→ Task to complete
With the pictures left out, please write out exactly each line from the one containing "Игровой стол - трансформер" through the end of the material.

Collected material: Begin

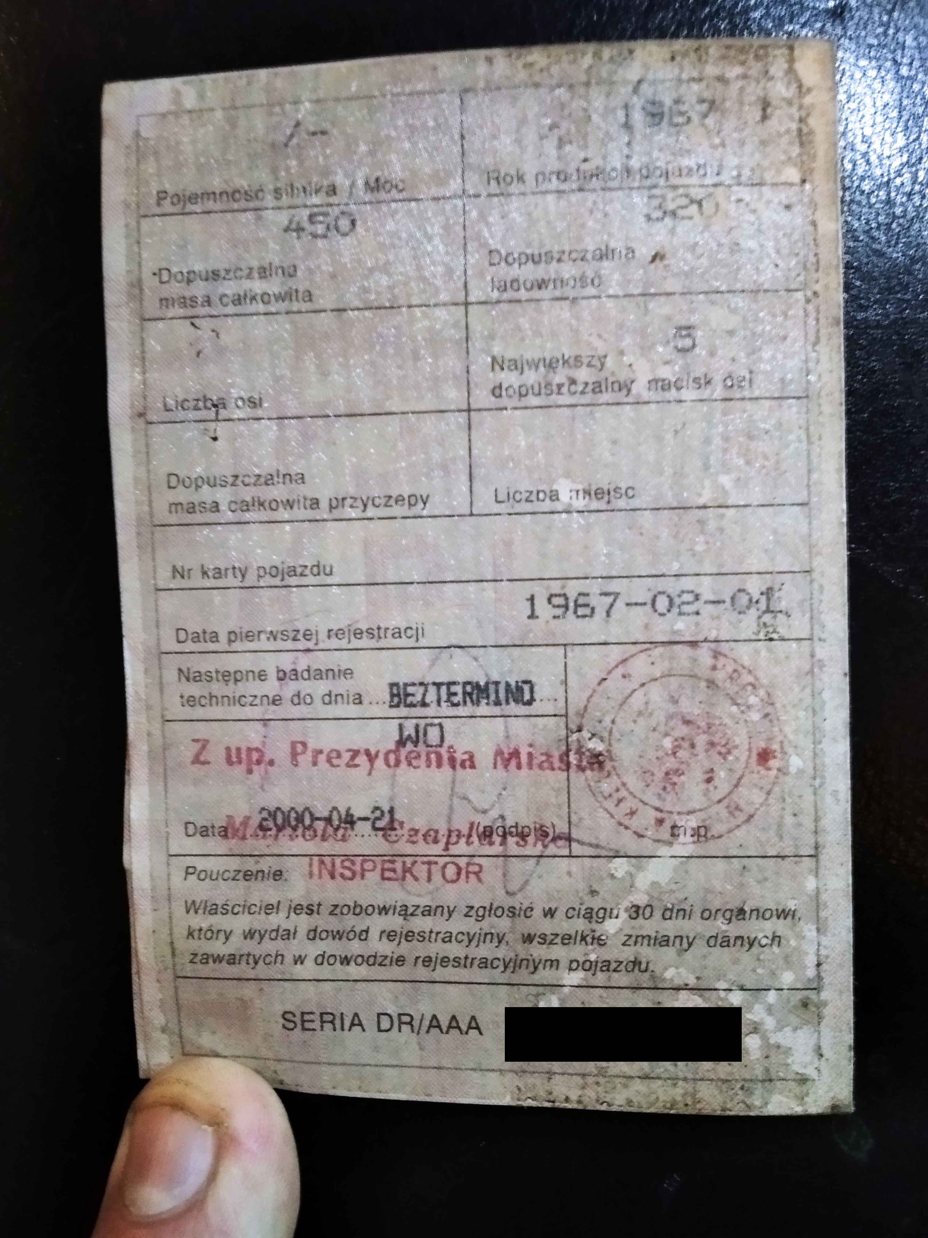 No i zaczyna się walka. W ostatnim tygodniu po 20 latach stania wyrwałem i to dosłownie (obrosła bluszczem) Trampa. Jest ona z 1966, choć na tabliczce wybito 1969 według mnie omyłkowo ktoś nabił numeratorem do góry nogami gdyż pierwsza rejestracja jest 1.02.67r.
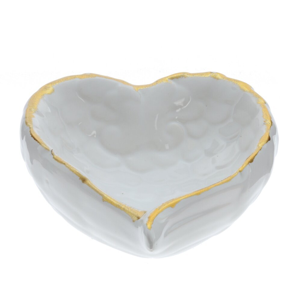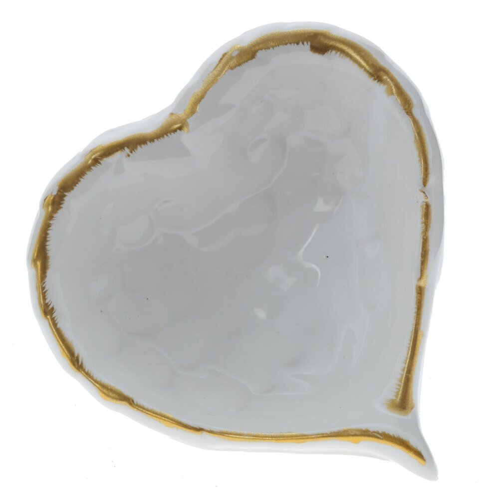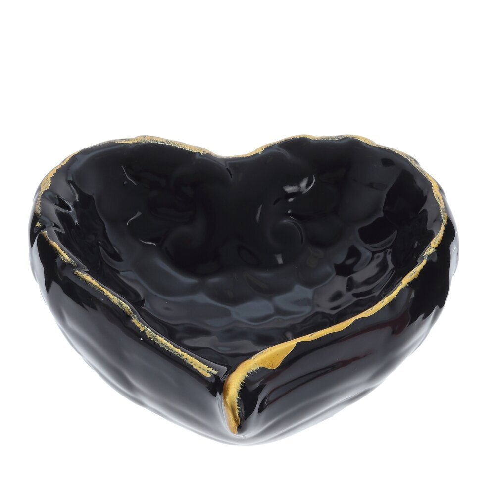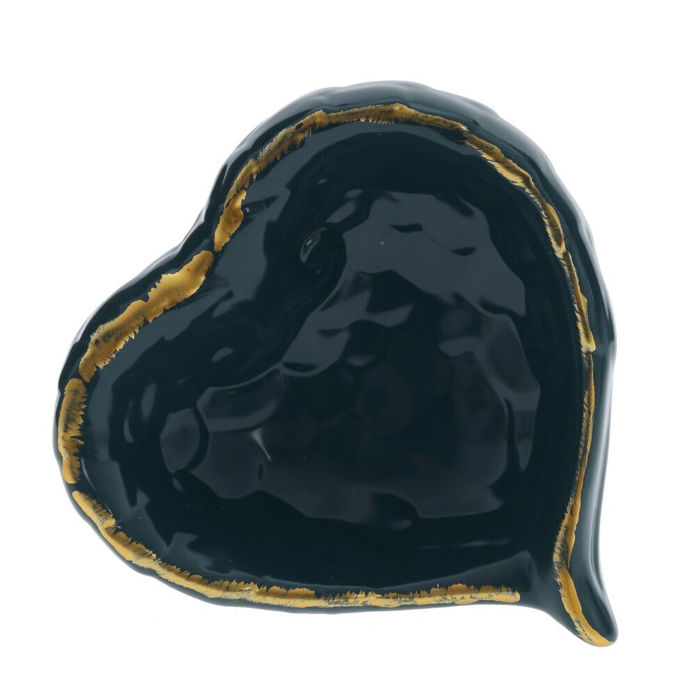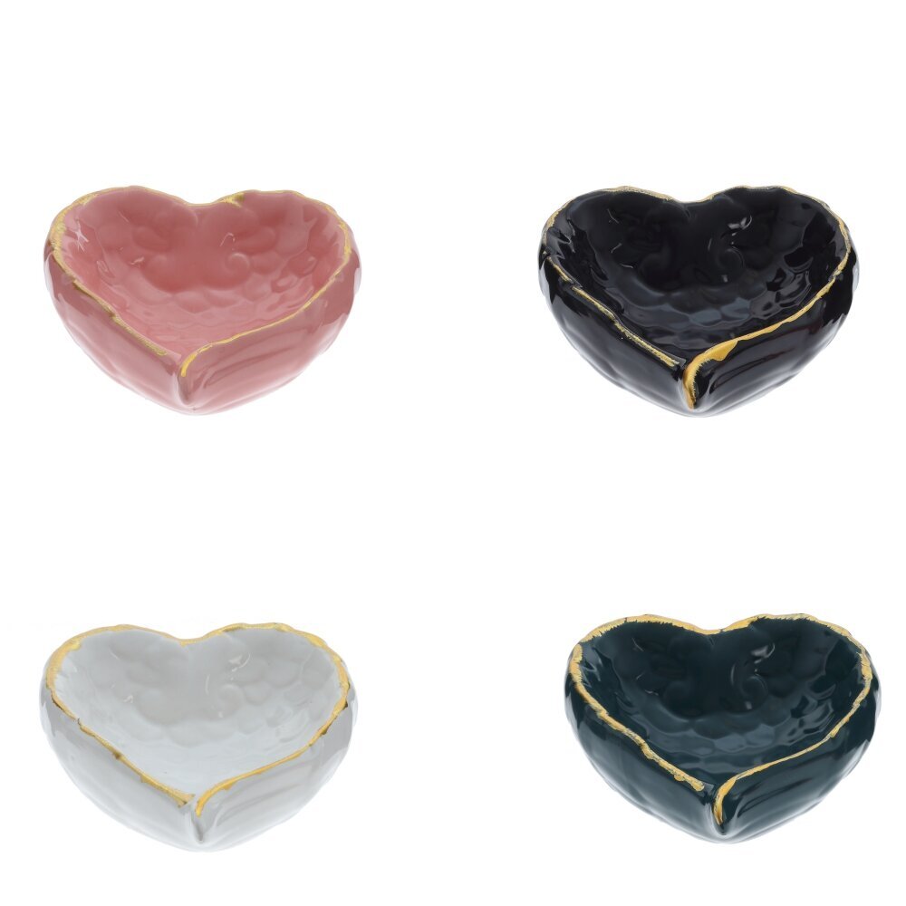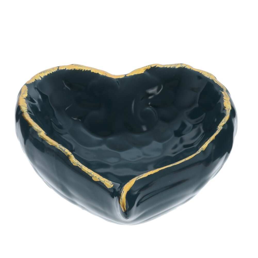 Подставка для мелочей из фарфора — это изысканный аксессуар для хранения украшений, ключей и других небольших предметов. Изделие выполнено в форме сердца, что придаёт ему особую очаровательность и романтичность. В коллекции представлено четыре варианта цвета: розовый, чёрный, белый и тёмно-зелёный. Каждый вариант декорирован изящной золотой каймой, подчеркивающей элегантность и оригинальность формы. Глянцевая поверхность создает приятные тактильные ощущения и красиво отражает свет. Такая подставка удачно впишется в любой интерьер спальни, ванной комнаты или прихожей, а также станет отличным подарком для близких. Фарфор отличается прочностью и долговечностью, что делает подставку практичной для ежедневного использования. Прекрасный выбор для тех, кто ценит стиль и уют в деталях.
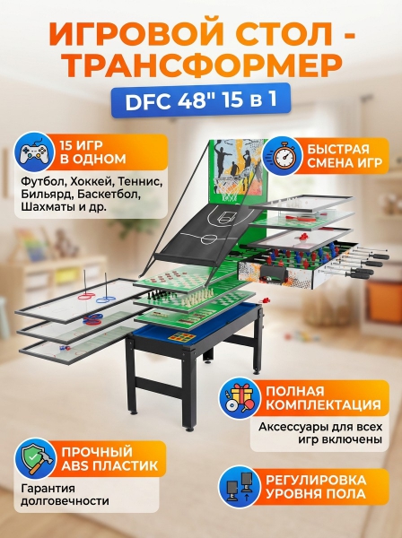 Игровой стол - трансформер DFC 48" 15 в 1 - Бренд
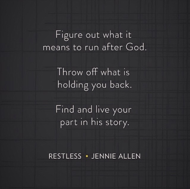 Before we know where to run, we have to know where we are. Where are we starting? I love that Jennie lays this out for us. She gives us four starting places and she even shares some questions that she and others have asked in these places. Let’s take the time to really pray and dig in about where we are. Just know that wherever you are, God loves you. And there are people all around you who love you ready to cheer you on, fill you up, give you a drink of water and catch you when you fall along the way. I know I am THIRSTY and not RUNNING FREE but I was. So I’m mostly thirsty because I know I need to get back in the race. I’m just not sure how to do that right now. No matter where we are…I’m sure we are all a little hurt. All in different areas. Take heart friend.

Collected material: End

→ Response to the task
 Игровой стол - трансформер DFC 48" 15 в 1 - Бренд
 Before we know where to run, we have to know where we are. Where are we starting? I love that Jennie lays this out for us. She gives us four starting places and she even shares some questions that she and others have asked in these places. Let’s take the time to really pray and dig in about where we are. Just know that wherever you are, God loves you. And there are people all around you who love you ready to cheer you on, fill you up, give you a drink of water and catch you when you fall along the way. I know I am THIRSTY and not RUNNING FREE but I was. So I’m mostly thirsty because I know I need to get back in the race. I’m just not sure how to do that right now. No matter where we are…I’m sure we are all a little hurt. All in different areas. Take heart friend.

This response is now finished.